Cadets to take part in Knife Awareness programme
SKELMERSDALE Sea Cadets will soon be undertaking the free “Optimal performance in Knife Awareness” programme, which has been designed to create awareness in young people of how to deal with threatening behaviour and defend themselves in a crisis situation.
This programme will be based at Tawd Road, Skelmersdale and will begin in October.
It was successfully introduced at the Sea Cadets in Old Swan, Liverpool where the cadets and their commanding officer clearly supported the programme to such an extent that they recommended it to other Sea Cadet Units.
The aim of the programme is to learn to cope in a supportive atmosphere where there are activities and discussions.
John Bullock, programme leader said: “We established very early on that our objectives are not to turn young people you into Bruce Lee or Jackie Chan.
“It’s a safety-first programme and if possible, young people should contact the police or responsible adult, or simply running away maybe the best solution.
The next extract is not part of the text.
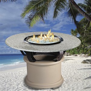 Granite:Pebble, Insert:Glo Fire Gas Logs, Finish:Sage Del Mar Series Bar Height 48' Fire Pit Table The Del Mar is truly an elegant creation. The base is streamlined and curved metal rises to meet the granite. The Del Mar provides ultimate choices in versatility with many different color combinations and a fire pit that changes easily to a grill table or a cooler table for your drinks. Replace any of these with the complementary granite insert that also has a 2? umbrella hole and you could be instantly sitting outside under the shade. The Del Mar Series comes standard with a 48' granite top and you may choose between many Arctic Flame glass colors or Glo Fire gas logs for your fire pit. Read more...

“By installing confidence in a young person’s ability to dissolve a crises situation and using communication (verbal and body language), as a mechanism of control in a crises situation.
“Observation of an assailant’s body language and stance could establish a route out or determine the method of attack by the aggressor and to stack the odds in your favour of a successful defence.
“Hopefully a cadet may not find themselves in such a dangerous position but if they do by learning how to defend a knife attack by controlling the weaponised limb and restricting the aggressor’s ability, it will maximise their opportunity to extract themselves from the situation as safely as possible.”
Cllr John Fillis, Skelmersdale East said: “It’s an absolute tragedy that we see knife crime in the news almost on a daily basis. The police along with others within the community are trying their best to reduce the risk. But quite often it is the fear of crime that has the greatest impact on young people.
“Getting away is always the best policy and there is nothing wrong with calling the police or a responsible adult. However, it’s important that they gain confidence when going out and they are equipped with the knowledge and skills that this programme provides, which may help them if needed.”